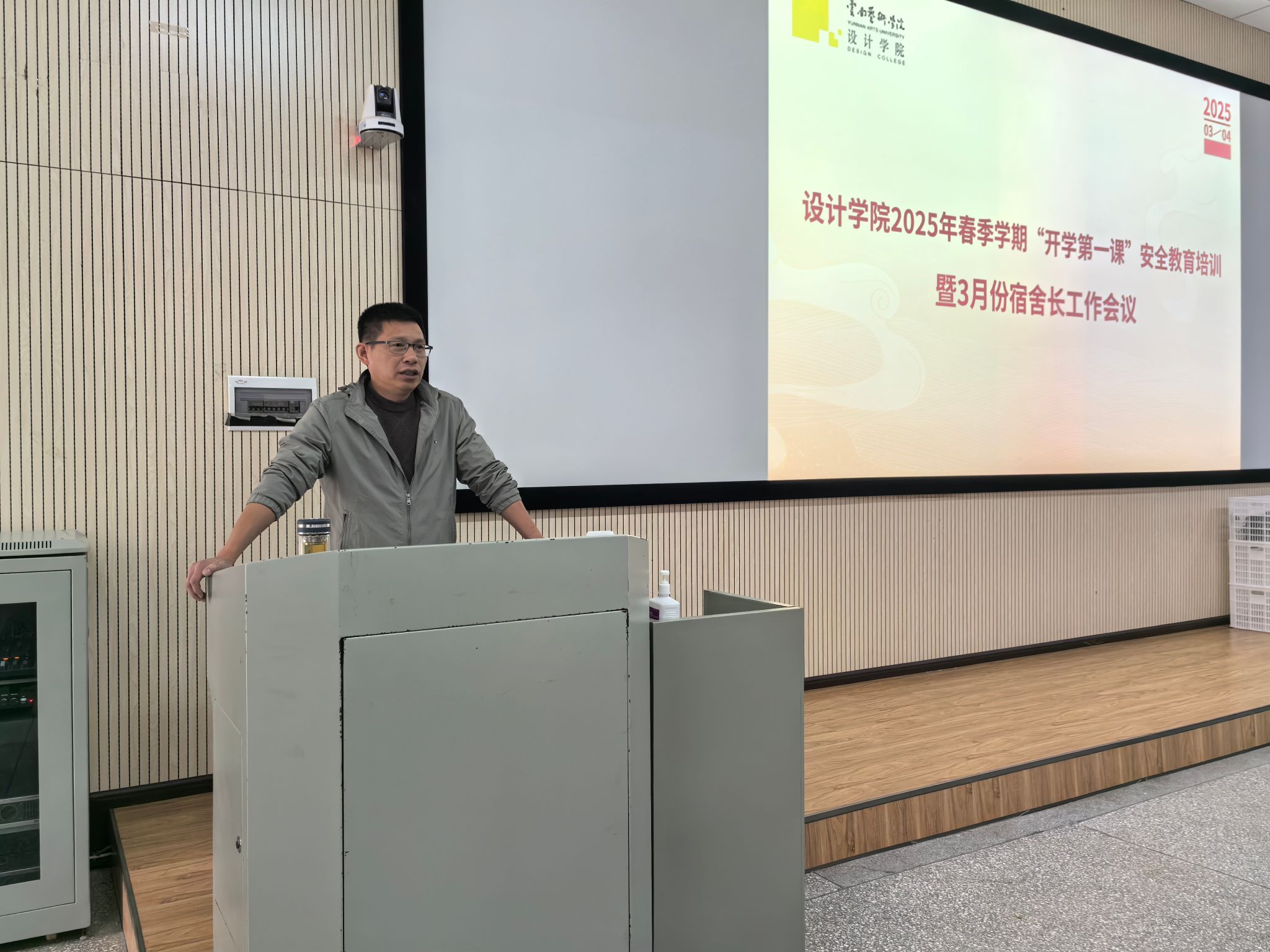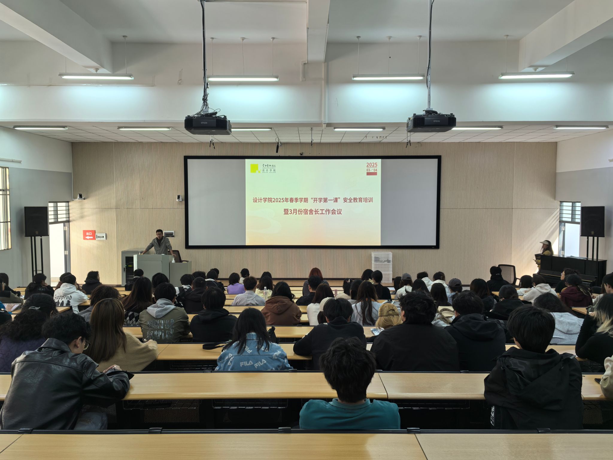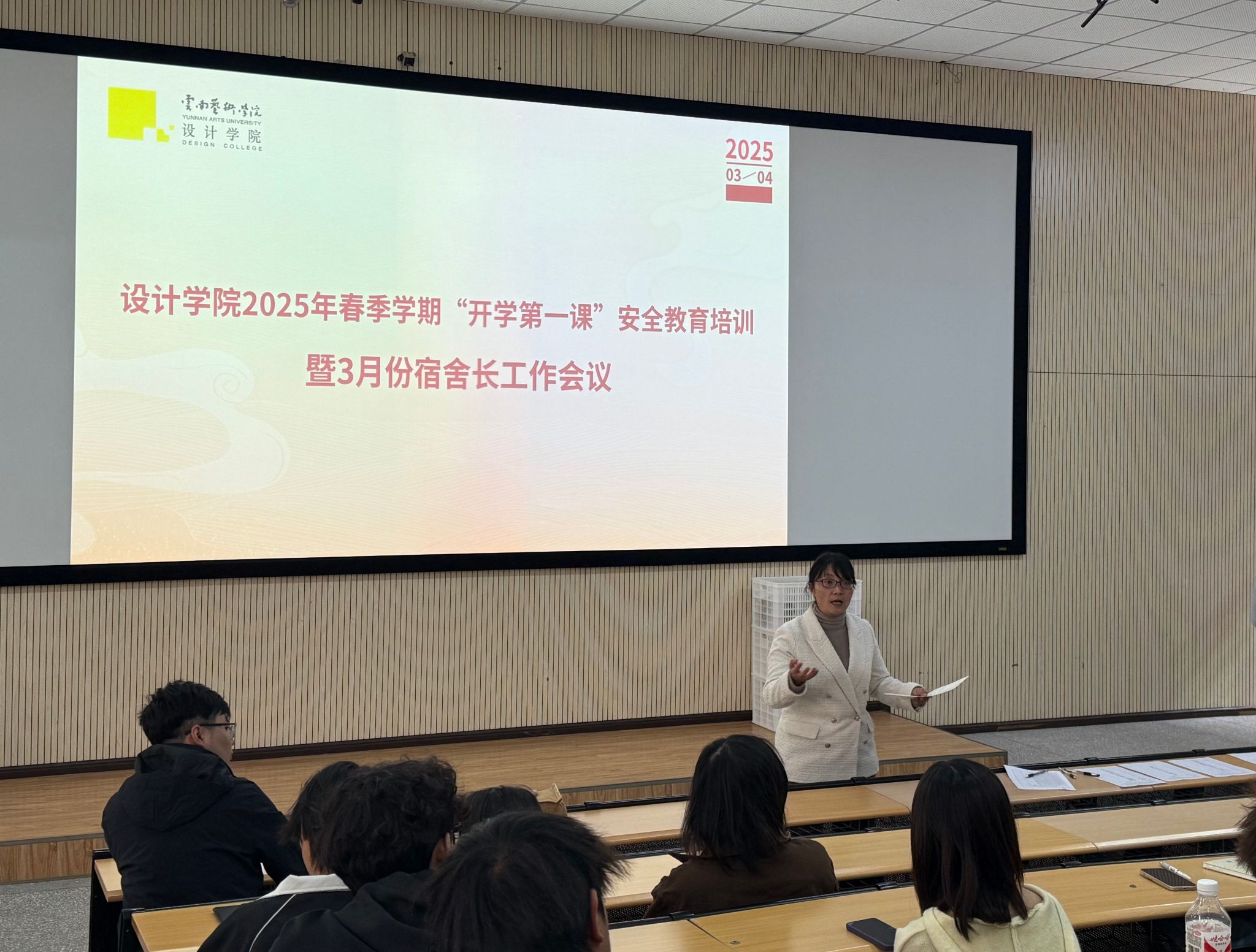 根据学校2025年春季学期开学工作准备会议要求,确保开学初期同学们在返校后从思想上、身心上及时调整状态,在行为上回归正常校园生活,严格遵守校纪校规,时刻关注自身安全,努力刻苦学习。设计学院于2025年3月4日在公共教学楼视听教室召开2025年春季学期“开学第一课”安全教育培训暨3月份宿舍长工作会议。安全教育培训邀请了bw必威西汉姆联官方网站保卫处治安科科长何斌作为主讲老师,设计学院党委副书记欧阳继梅、各年级辅导员出席会议。
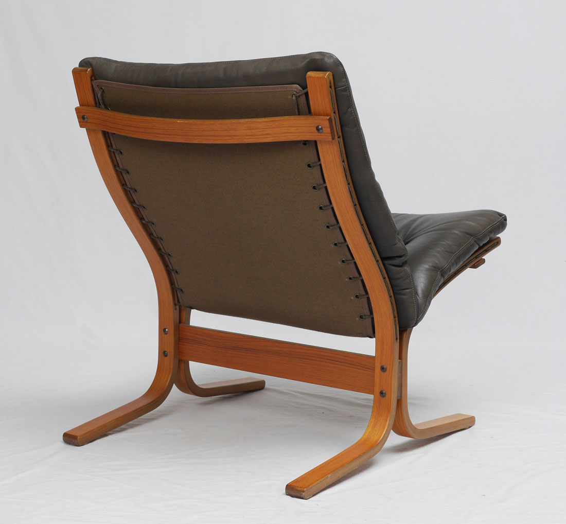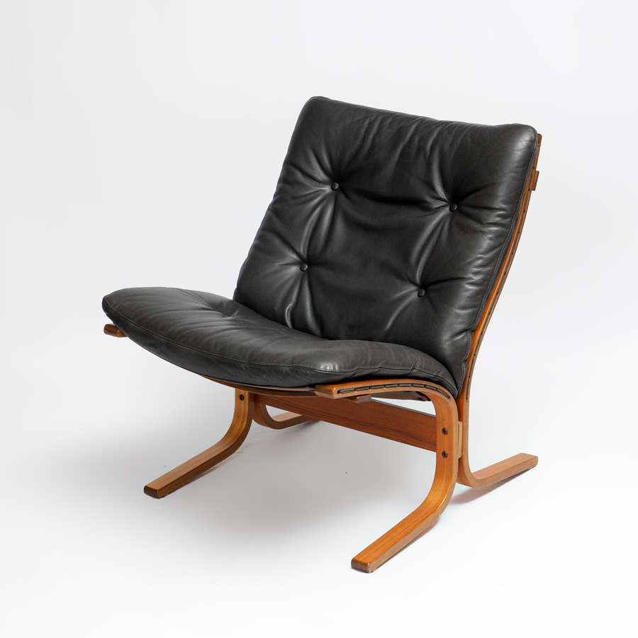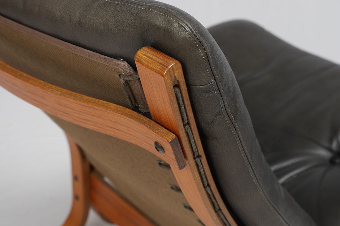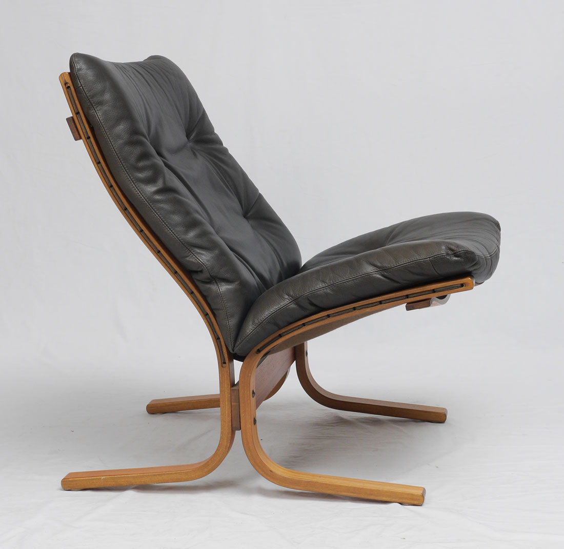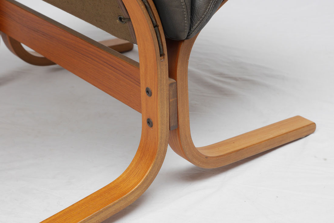 INGMAR RELLING FOR WESTNOFA LEATHER SIESTA CHAIR: Tufted black leather upholstery, bent wood frame, overall measures 31 3/4'' h. x 26'' x 33''.
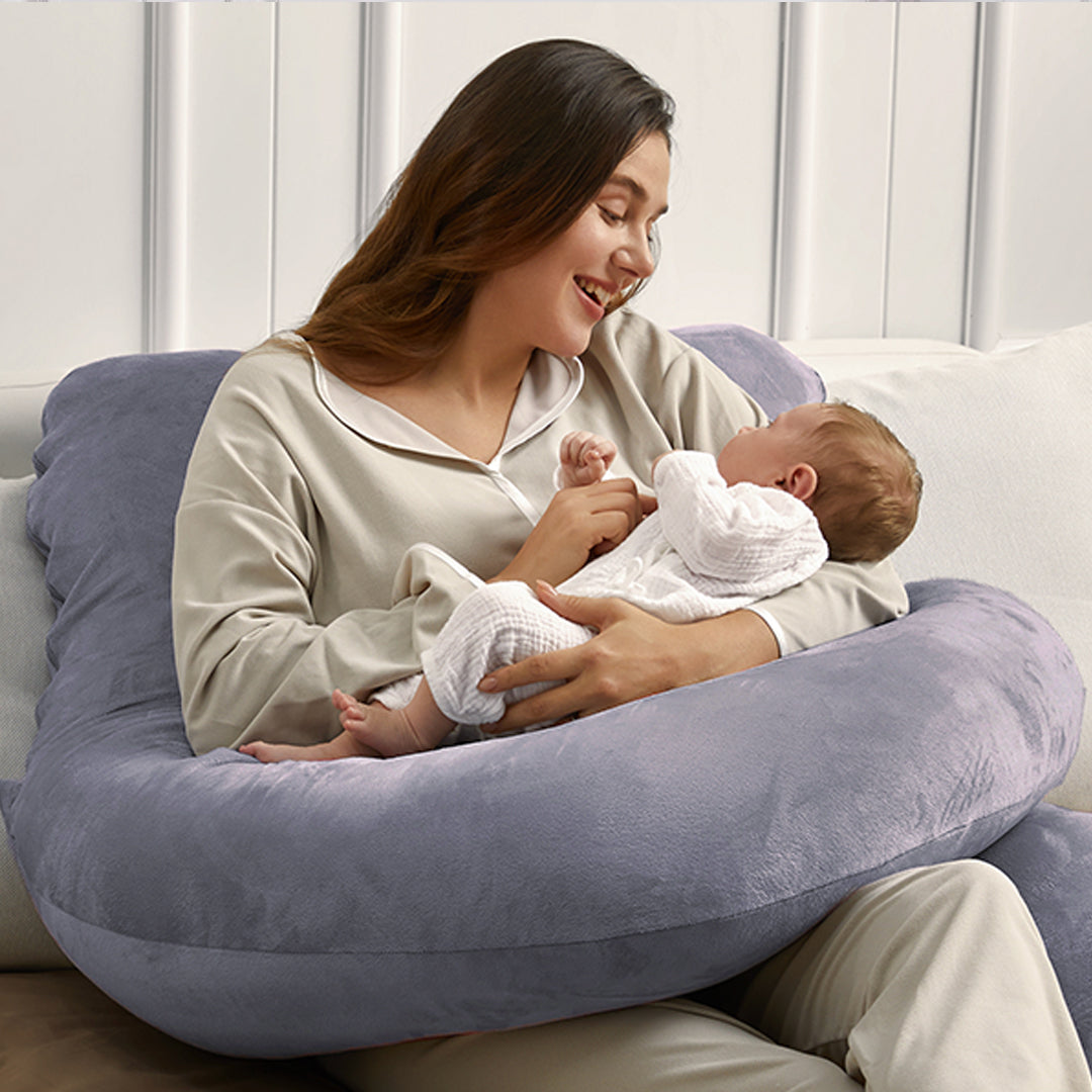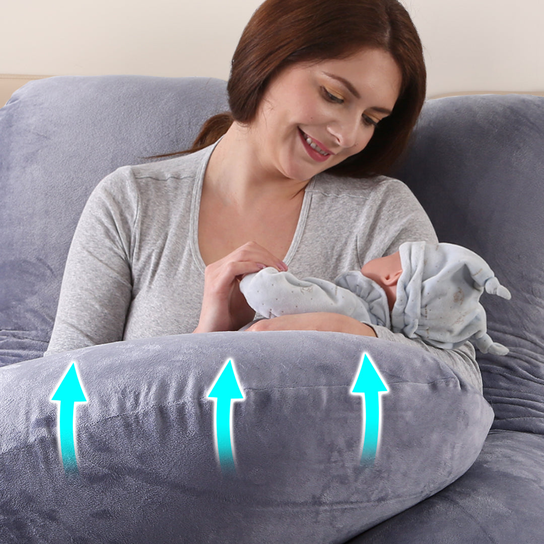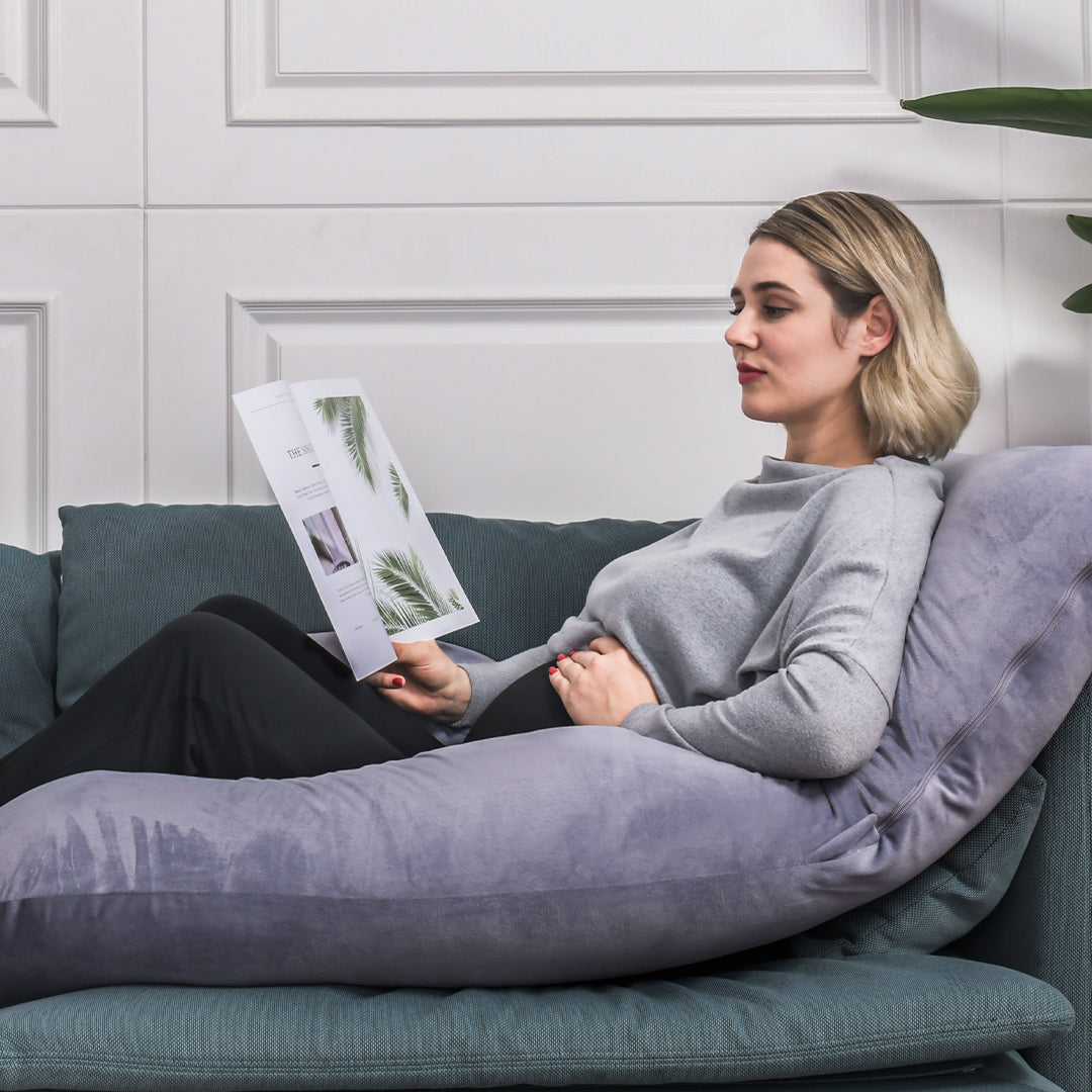 La almohada de embarazo Momcozy en forma de U es bastante flexible para que puedas cambiarla en varias posiciones, como amamantar, mirar televisión o leer, o cambiar los lugares de tu cuerpo que deseas apoyar.
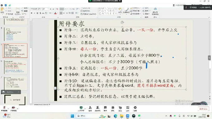 大会伊始,彭步云同学针对此次会议的第一部分进行讲解,向同学们说明三下乡的活动意义和活动形式,以及三下乡活动的重要性。向同学们介绍了三下乡活动可以从文化、科技、卫生几个主题入手,是各高校在暑期开展的一项社会实践活动,同时特别强调了今年的三下乡活动建议采用兴新方式,避免以线上的形式进行。活动内容一定要真实有效,具有可行性。
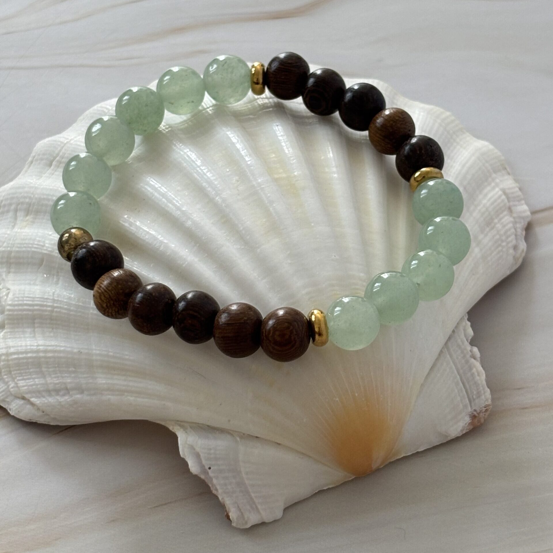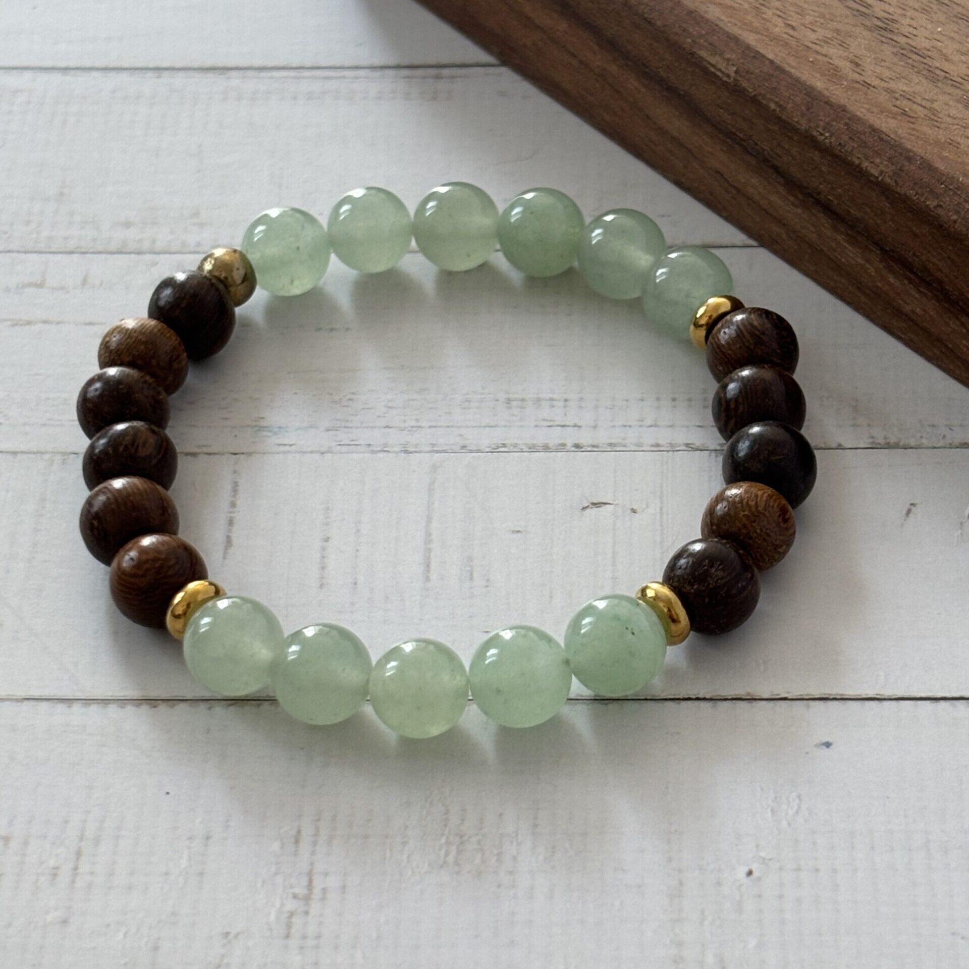 Bracelet aventurine verte et perles de bois de Roble – Perles 8 mm et séparateurs métal doré.
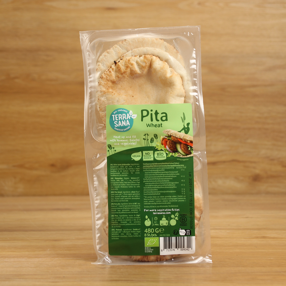 Pitabrötchen kannst du auf endlos viele Arten mit leckerem Gemüse, Feinkost und deinen Lieblingsgewürzen füllen. So genießt du ein herrlich leckeres Bio-Brötchen und triffst gleichzeitig bewusste Entscheidungen. Diese Pitataschen werden traditionell aus gesiebtem Vollkornweizenmehl hergestellt – aromatisch und nach dem Rösten schön knusprig. Perfekt mit Hummus und Pesto.
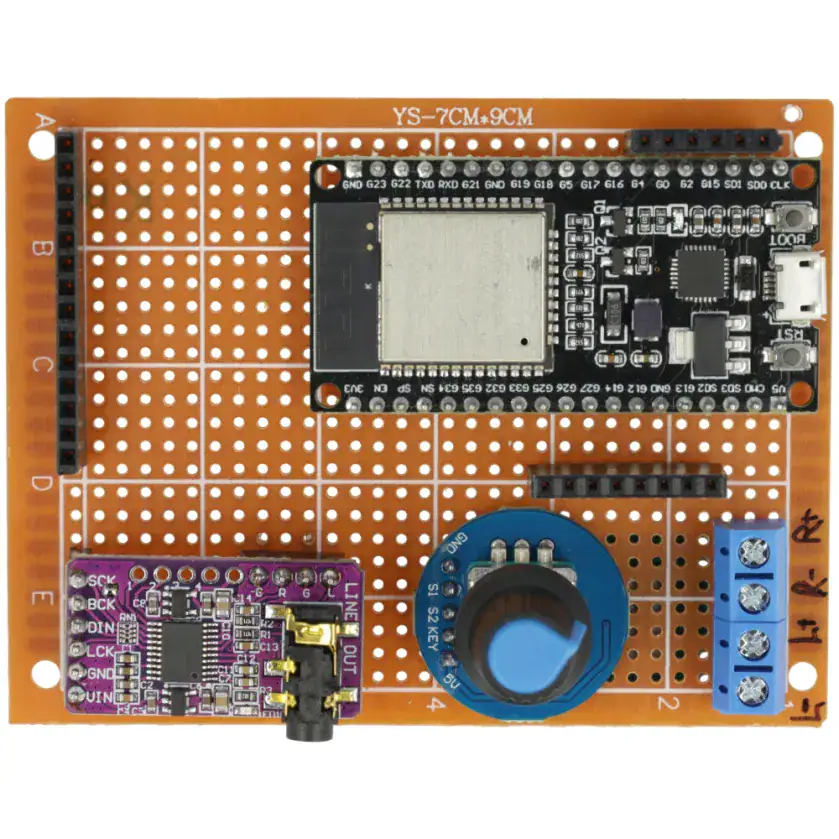 ESP32-WROOM-32Mikrokontroler, serce i mózg całego radia. Moduł ESP32 z Wi-Fi i Bluetooth zapewnia łączność internetową. Standardowy model z 4 MB Flash sprawdzi się idealnie.

+---+

WORK TO BE COMPLETED
Restate all of the material above word for word, excluding the pictures.

EXPECTED ANSWER
 根据学校2025年春季学期开学工作准备会议要求,确保开学初期同学们在返校后从思想上、身心上及时调整状态,在行为上回归正常校园生活,严格遵守校纪校规,时刻关注自身安全,努力刻苦学习。设计学院于2025年3月4日在公共教学楼视听教室召开2025年春季学期“开学第一课”安全教育培训暨3月份宿舍长工作会议。安全教育培训邀请了bw必威西汉姆联官方网站保卫处治安科科长何斌作为主讲老师,设计学院党委副书记欧阳继梅、各年级辅导员出席会议。
 INGMAR RELLING FOR WESTNOFA LEATHER SIESTA CHAIR: Tufted black leather upholstery, bent wood frame, overall measures 31 3/4'' h. x 26'' x 33''.
 La almohada de embarazo Momcozy en forma de U es bastante flexible para que puedas cambiarla en varias posiciones, como amamantar, mirar televisión o leer, o cambiar los lugares de tu cuerpo que deseas apoyar.
 大会伊始,彭步云同学针对此次会议的第一部分进行讲解,向同学们说明三下乡的活动意义和活动形式,以及三下乡活动的重要性。向同学们介绍了三下乡活动可以从文化、科技、卫生几个主题入手,是各高校在暑期开展的一项社会实践活动,同时特别强调了今年的三下乡活动建议采用兴新方式,避免以线上的形式进行。活动内容一定要真实有效,具有可行性。
 Bracelet aventurine verte et perles de bois de Roble – Perles 8 mm et séparateurs métal doré.
 Pitabrötchen kannst du auf endlos viele Arten mit leckerem Gemüse, Feinkost und deinen Lieblingsgewürzen füllen. So genießt du ein herrlich leckeres Bio-Brötchen und triffst gleichzeitig bewusste Entscheidungen. Diese Pitataschen werden traditionell aus gesiebtem Vollkornweizenmehl hergestellt – aromatisch und nach dem Rösten schön knusprig. Perfekt mit Hummus und Pesto.
 ESP32-WROOM-32Mikrokontroler, serce i mózg całego radia. Moduł ESP32 z Wi-Fi i Bluetooth zapewnia łączność internetową. Standardowy model z 4 MB Flash sprawdzi się idealnie.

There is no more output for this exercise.